L'Honor Award 2011 consegnato il 10 ottobre al team italiano che ha sviluppato il radar per l'esplorazione di Marte

Ancora un punto spaziale a favore del made in Italy. Va infatti al nostro paese il NASA Honor Award, il prestigioso riconoscimento con cui vengono premiati singoli individui o i team di scienziati e tecnici la cui attività di ricerca abbia fruttato particolare lustro alla missione dell'Agenzia Spaziale Americana. Un traguardo questo che nel 2011 è stato raggiunto dal MRO SHARAD Science Team nella categoria Group Achievement Award "for operating the Shallow RADar (SHARAD) instrument , which has delivered a detailed understanding of the history of the polar caps and mid-latitude glaciation events". Il gruppo di lavoro a guida italiana si è distinto per avere eseguito le operazioni e l'analisi dei dati che ha dato un nuovo quadro delle zone polari di Marte. Lo stesso gruppo precedentemente ha partecipato alla progettazione e realizzazione del radar SHARAD (Shallow Subsurface Radar), uno degli strumenti principali a bordo del Mars Reconaissance Orbiter (MRO), la sonda di esplorazione planetaria della NASA lanciata nell'Agosto 2005 e operativa in orbita marziana dalla fine del 2006.

 

 

 

Pensato per scoprire depositi di ghiaccio e acqua su Marte penetrando il suolo marziano in profondità, lo strumento ha permesso di registrare fondamentali scoperte relative alle composizione delle calotte polari e osservare gli eventi glaciali che interessano il pianeta rosso alle medie latitudini.

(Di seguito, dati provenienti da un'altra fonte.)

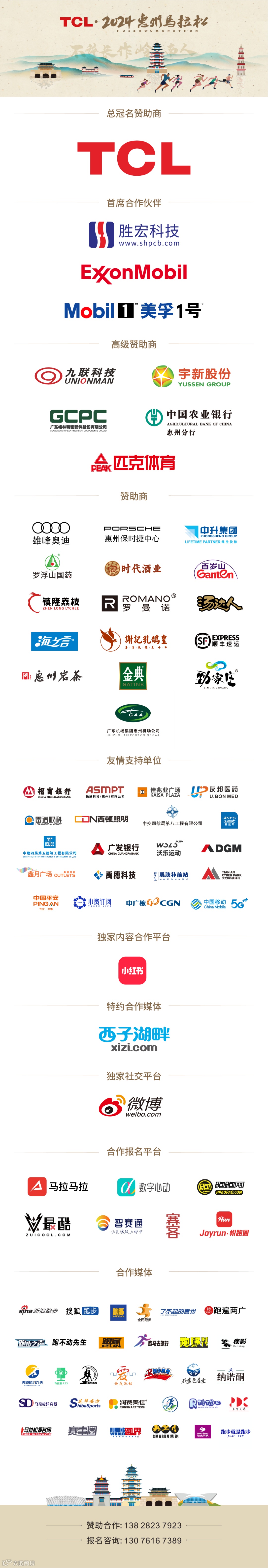 一场城市马拉松的举办,得益于政府主导、社会支持、市民参与。发布会现场,惠马组委会与TCL实业控股股份有限公司签署了赛事冠名协议,与胜宏科技、埃克森美孚签署“首席合作伙伴”协议,与九联科技、宇新化工、格林精密、中国农业银行惠州分行、PEAK体育签署赛事赞助协议,并对各大赞助商所作出的突出贡献表示感谢。

SHARAD opera utilizzando onde radio con frequenza centrale di 20 MHz. Ha una risoluzione verticale di 7 metri e una profondità di analisi di 1 km.

 

 

 

Il radar punta al nadir con un funzionamento ad impulsi su due modalità di funzionamento: radar ed altimetro. Per isolare i riflettori del sottosuolo usa la tecnica dell'apertura sintetica. Lo strumento consiste di un'antenna e del sistema elettronico, operanti in un range di lunghezze d'onda centrate a 20 MHz  +/- 5 MHz. Questa configurazione consente di analizzare le proprietà dielettriche del sottosuolo mantenendo un basso clutter della superficie. Le frequenze selezionate sono in grado di penetrare la ionosfera. Il ciclo totale di trasmissione e ricezione di ogni  singolo impulso è di pochi millisecondi. Il segnale ricevuto è quindi down-converted, trasformato da analogico in digitale e compresso.

 

 

 

SHARAD è stato sviluppato in Italia e fornito alla NASA dall'ASI come Facility Instrument con la guida scientifica di un Principal Investigator selezionato da ASI a seguito di bando nella persona del dr. Roberto Seu del Dipartimento INFOCOM dell'Università "La Sapienza" di Roma. L'azienda responsabile dello sviluppo industriale è la Alenia Spazio, oggi Thales Alenia Space, di Roma, che ha così consolidato il proprio know how nel settore.